Shift-Invariant Attribute Scoring for Kolmogorov-Arnold Networks via Shapley Value
Wangxuan Fan, Ching Wang, Siqi Li, Nan Liu
TL;DR
The paper tackles interpretability and pruning in Kolmogorov–Arnold Networks (KANs), where standard magnitude-based pruning is unreliable under covariate shift. It introduces ShapKAN, a Shapley-value–based pruning framework that treats layer neurons as cooperative-game players and uses permutation sampling with antithetic variance reduction to efficiently approximate neuron attributions, applied in a bottom-up, multi-layer manner. Across synthetic and real-world datasets, ShapKAN yields shift-invariant attributions, preserves ground-truth symbolic structure under covariate shift, and enables more effective compression while maintaining generalization.

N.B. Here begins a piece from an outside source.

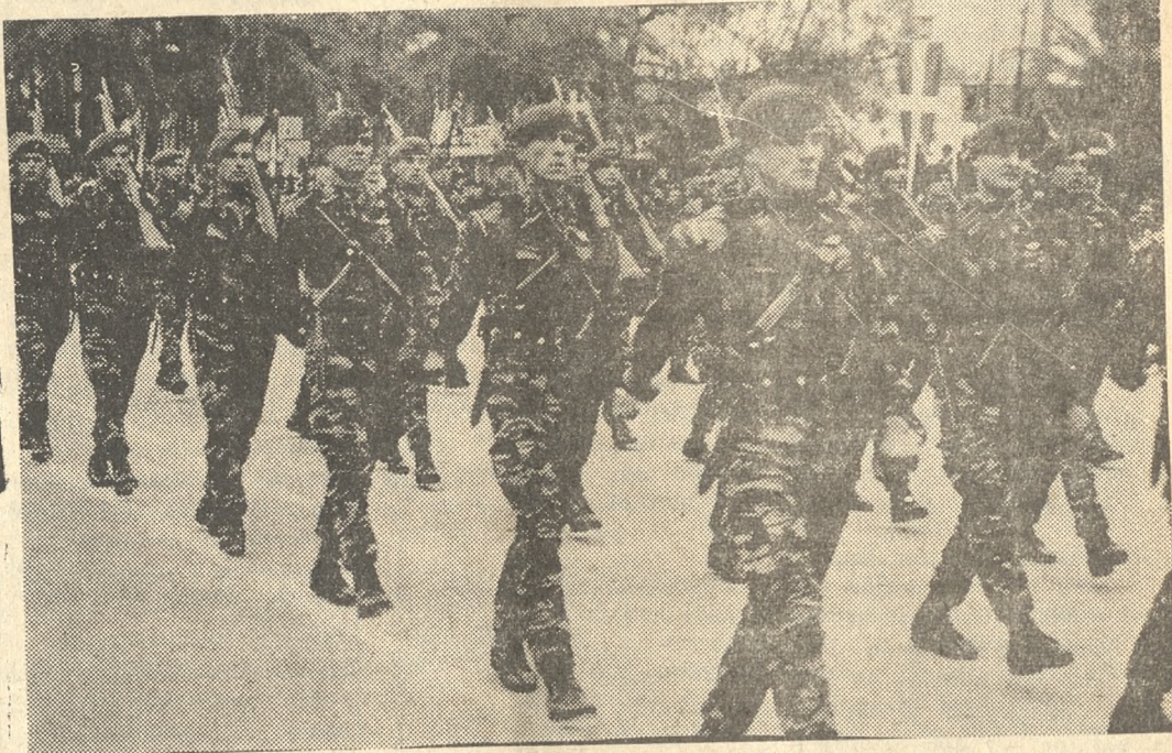
Ἡ ὁμοιομορφία τῶν ΛΟΚ ἡ ὁποία ἐντυπωσίασεν τὸ πλῆθος μετὰ τὴν ἐμφάνισιν τῆς καὶ τὸν «ἰδιότροπον» δημαγωγικὸν τῶν ἀνδρῶν τῆς.

Ἀκολουθεῖ παρήλασις οἱ μαθηταὶ καὶ αἱ μαθήτριά τῶν Δημοτικῶν Σχολείων τῆς πόλεως καὶ τῶν προαστίων, τὸ Ὀρφανοτροφεῖον Θηλέων, ἡ Σχολὴ Ἑργαζομένου Κοριττοῦ, ἡ Σχολὴ Ἑργαζομένου Ἰδρυματῶν καὶ μαθηταὶ τῶν Δημοτικῶν καὶ Ἑργατικῶν Τεχνικῶν Σχολῶν, τὰ Δημόσια καὶ Ἰδιωτικά Γυμνάσια, Ὀδηγοί, Πρόσκοποι, Λυκόπουλα, Ἀλκιμοί, Σπουδαῖοι, Συνέχ. εἰς τὴν ἄψογον διε-

This approach enhances interpretability and enables deployment of KANs in resource-constrained settings, while remaining compatible with advanced KAN variants like MultKAN 2.0.
Abstract
For many real-world applications, understanding feature-outcome relationships is as crucial as achieving high predictive accuracy. While traditional neural networks excel at prediction, their black-box nature obscures underlying functional relationships. Kolmogorov--Arnold Networks (KANs) address this by employing learnable spline-based activation functions on edges, enabling recovery of symbolic representations while maintaining competitive performance. However, KAN's architecture presents unique challenges for network pruning. Conventional magnitude-based methods become unreliable due to sensitivity to input coordinate shifts. We propose \textbf{ShapKAN}, a pruning framework using Shapley value attribution to assess node importance in a shift-invariant manner. Unlike magnitude-based approaches, ShapKAN quantifies each node's actual contribution, ensuring consistent importance rankings regardless of input parameterization. Extensive experiments on synthetic and real-world datasets demonstrate that ShapKAN preserves true node importance while enabling effective network compression. Our approach improves KAN's interpretability advantages, facilitating deployment in resource-constrained environments.